Closed sploiselle closed 4 years ago
@benesch
Ok, the initial results are in. I captured this output from top
on my Linux VM w/ 4GB ram and 1GB swap:
Mem total:4041044 anon:3784716 map:3988 free:87516
slab:69692 buf:524 cache:5648 dirty:24 write:0
Swap total:1048572 free:0
PID VSZ^VSZRW^ RSS (SHR) DIRTY (SHR) STACK COMMAND
66958 5612m 4673m 2825m 4 2824m 0 132 materialized -w1 --bootstrap-sql=/usr/local/etc/materialized/bootstrap.sql
67994 6272m 1467m 354m 4 353m 0 136 /etc/alternatives/jre/bin/java -Xms256M -Xmx2G -server -XX:+UseG1GC -XX:MaxGCPauseMillis=20 -XX:InitiatingHeapOccupancyPercent=35 -XX:+ExplicitGCInvokesConcurrent -Djava.awt.headless=true -Dcom.sun.management.jmxremote -Dc
67580 5309m 1281m 93068 100 92624 0 132 java -Xmx1G -Xms1G -server -XX:+UseG1GC -XX:MaxGCPauseMillis=20 -XX:InitiatingHeapOccupancyPercent=35 -XX:+ExplicitGCInvokesConcurrent -Djava.awt.headless=true -Xloggc:/var/log/kafka/kafkaServer-gc.log -verbose:gc -XX:+Pri
67246 4700m 709m 14644 104 14472 0 132 java -Xmx512M -Xms512M -server -XX:+UseG1GC -XX:MaxGCPauseMillis=20 -XX:InitiatingHeapOccupancyPercent=35 -XX:+ExplicitGCInvokesConcurrent -Djava.awt.headless=true -Xloggc:/var/log/kafka/zookeeper-gc.log -verbose:gc -XX:+P
66669 1696m 565m 294m 4 293m 0 132 mysqld
Notice how materialized is using 3gb memory and the VM is totally maxed out on physical memory and swap. This causes everything to grind to a complete halt.

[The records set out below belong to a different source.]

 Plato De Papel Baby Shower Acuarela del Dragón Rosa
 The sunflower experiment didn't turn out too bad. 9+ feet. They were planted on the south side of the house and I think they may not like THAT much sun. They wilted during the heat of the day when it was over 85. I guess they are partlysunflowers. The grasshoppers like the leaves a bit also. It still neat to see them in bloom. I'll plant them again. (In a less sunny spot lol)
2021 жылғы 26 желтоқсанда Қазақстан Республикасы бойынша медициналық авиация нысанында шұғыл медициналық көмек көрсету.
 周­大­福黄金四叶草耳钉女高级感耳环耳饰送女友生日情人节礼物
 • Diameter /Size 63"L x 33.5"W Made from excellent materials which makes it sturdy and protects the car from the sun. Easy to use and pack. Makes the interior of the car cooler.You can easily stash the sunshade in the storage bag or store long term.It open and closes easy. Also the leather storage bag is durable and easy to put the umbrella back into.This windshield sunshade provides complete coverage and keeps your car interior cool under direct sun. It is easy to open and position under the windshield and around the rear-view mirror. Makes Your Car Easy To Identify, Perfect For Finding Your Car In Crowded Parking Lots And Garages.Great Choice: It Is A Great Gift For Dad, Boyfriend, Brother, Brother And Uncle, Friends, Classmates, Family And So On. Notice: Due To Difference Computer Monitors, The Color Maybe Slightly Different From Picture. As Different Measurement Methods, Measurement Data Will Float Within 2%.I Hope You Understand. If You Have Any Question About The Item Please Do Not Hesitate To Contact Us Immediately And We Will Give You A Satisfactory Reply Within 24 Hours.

AFAICT no actual queries were run against materialized. This is literally all materialized booting and installing the logging views in bootstrap.sql.

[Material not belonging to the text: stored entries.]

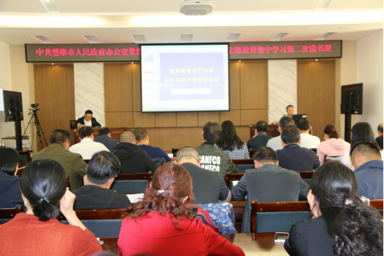 ——聆听主题党课。10月31日上午,邀请市委党史研究室丁卫华同志为市政府办全体干部职工讲授中国共产党党史。授课期间,丁卫华老师穿插了革命传统教育、先进典型教育和警示教育。通过学习,进一步深化了全体干部职工对国情、党情的认识,夯实了理想信念,进一步增强了“干在实处,走在前列”大比拼干劲。
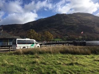 集合場所、時間帯が同じツアーが複数あるのでツアー名を伝え案内されたミニバスに乗車する。運転手さんがガイドを行うが、説明がナチュラルなスピードに近いのか早口の英語だったので聞き取れない部分が多々あった。多くのスポットをまわるため車窓観光となる所もあり、説明が聞き取れないのが惜しかった。10湖巡りとはいえドライブコースのほとんどは丘陵地帯で羊の放牧された丘を眺められ、途中降りて写真撮影ができたものの5-10分程度なのでもう少し余裕があると良かったと思う。湖クルージングは1時間だったので景色は堪能できたが途中から寒くなり30分で十分だと思った。バターミア滞在時間がもう少し長いと良かったなと思ったのでまたいつか個人旅行で訪ねたいと思う。ミニバスにはUSBケーブル差込口があり充電できたのでありがたかった。バスに揺られて1日湖水地方の絶景を眺められ満足だった。
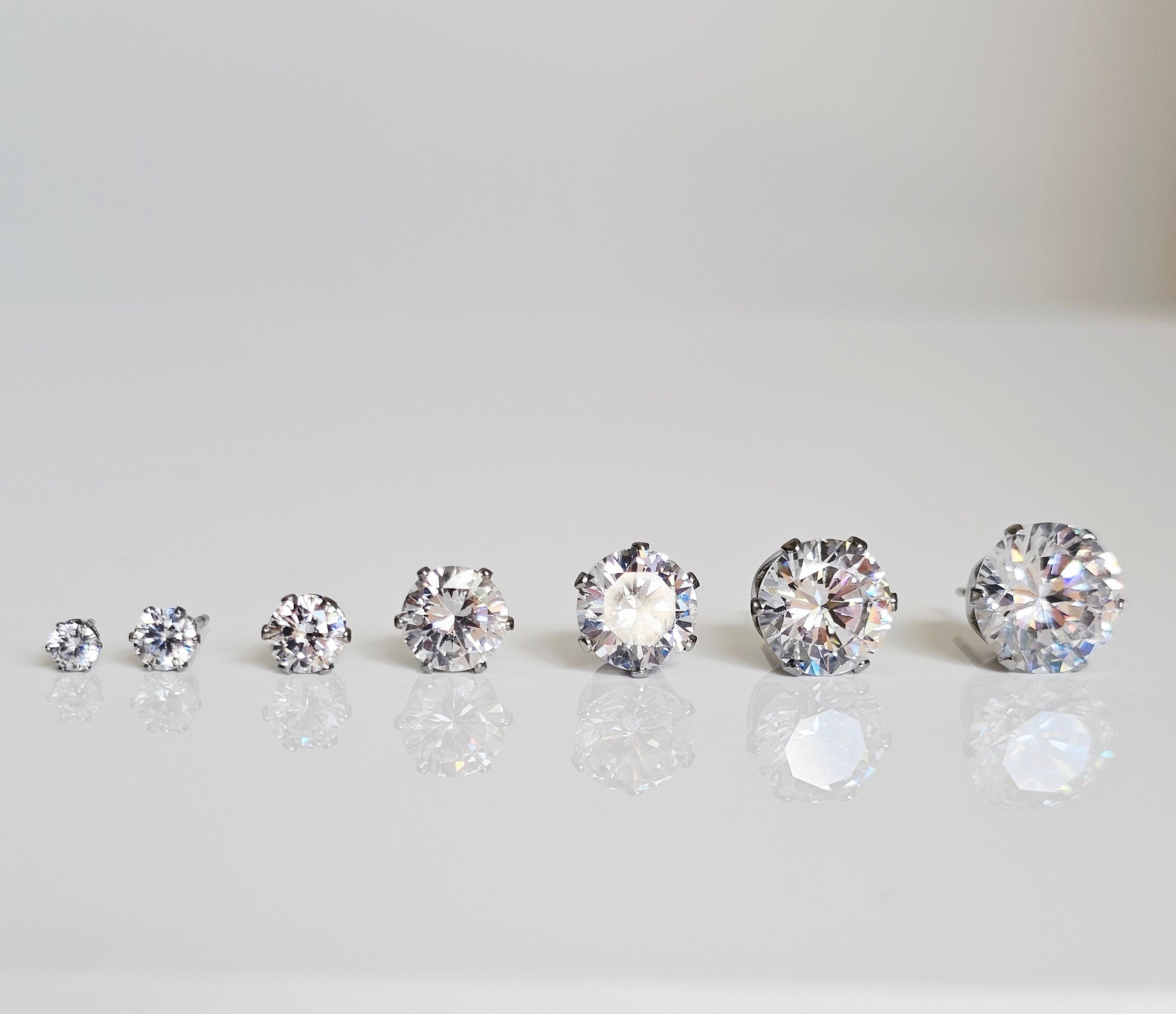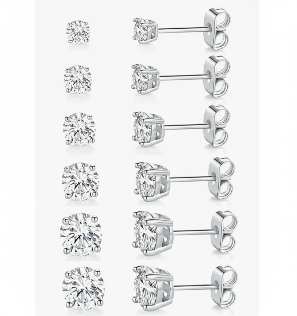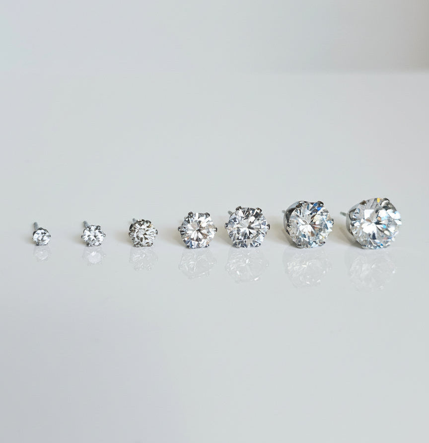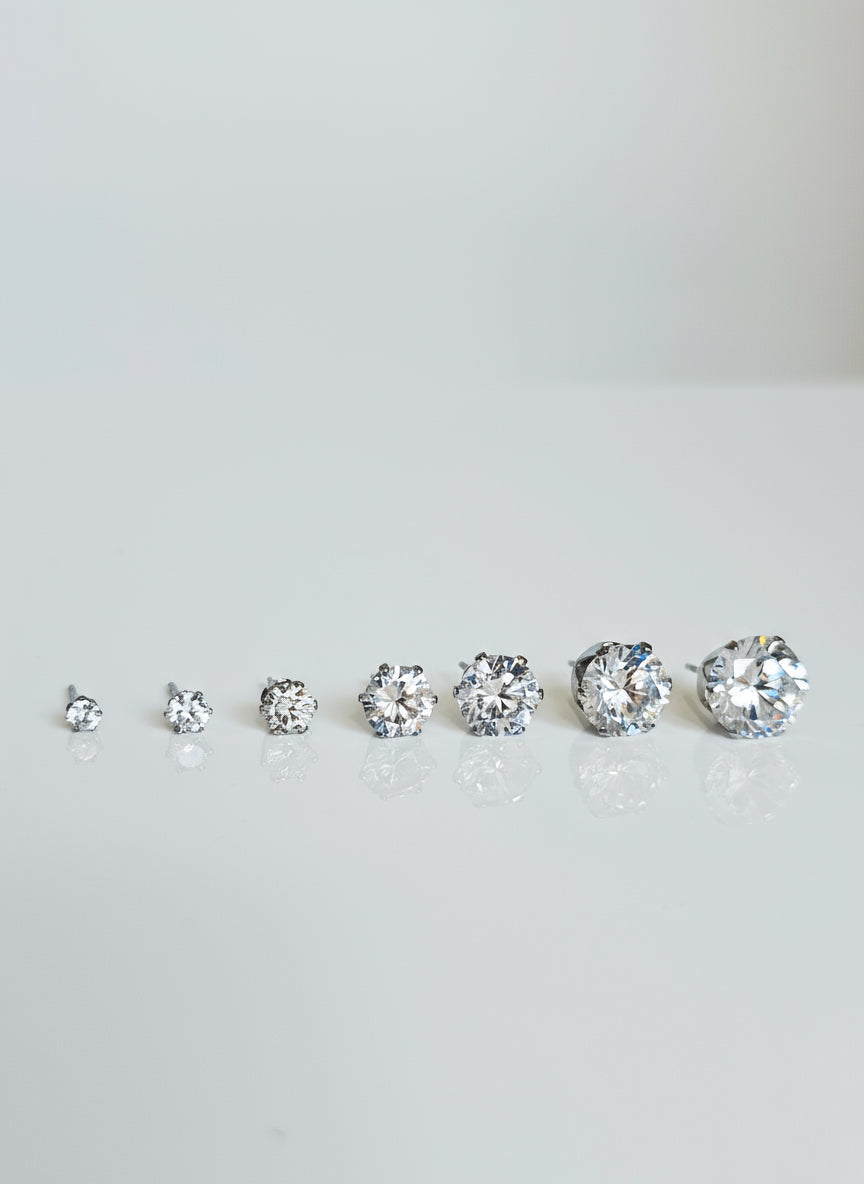 Elegant Stainless Steel CZ Stud Earrings - Simple Round Ball Design, Sizes 3mm to 10mm, Minimalist Everyday Jewelry

If I bump the VM size up to 16GB of memory, materialized grinds for what seemed like about 5m, working its way up to about 8GB RSS. During this time I was unable to PEEK/SELECT any of the logging views; afterwards everything seems ok and we're hovering at about 500MB RSS.
During the overloaded period I caught this output in the logs
materialized_1 | Massive deficit OrdVal::work: -1965142
materialized_1 | Massive deficit OrdVal::work: -1965142
which seems to be logged by differential whenever there is a massive amount of work to do. I suspect we are planning something in bootstrap.sql very, very poorly.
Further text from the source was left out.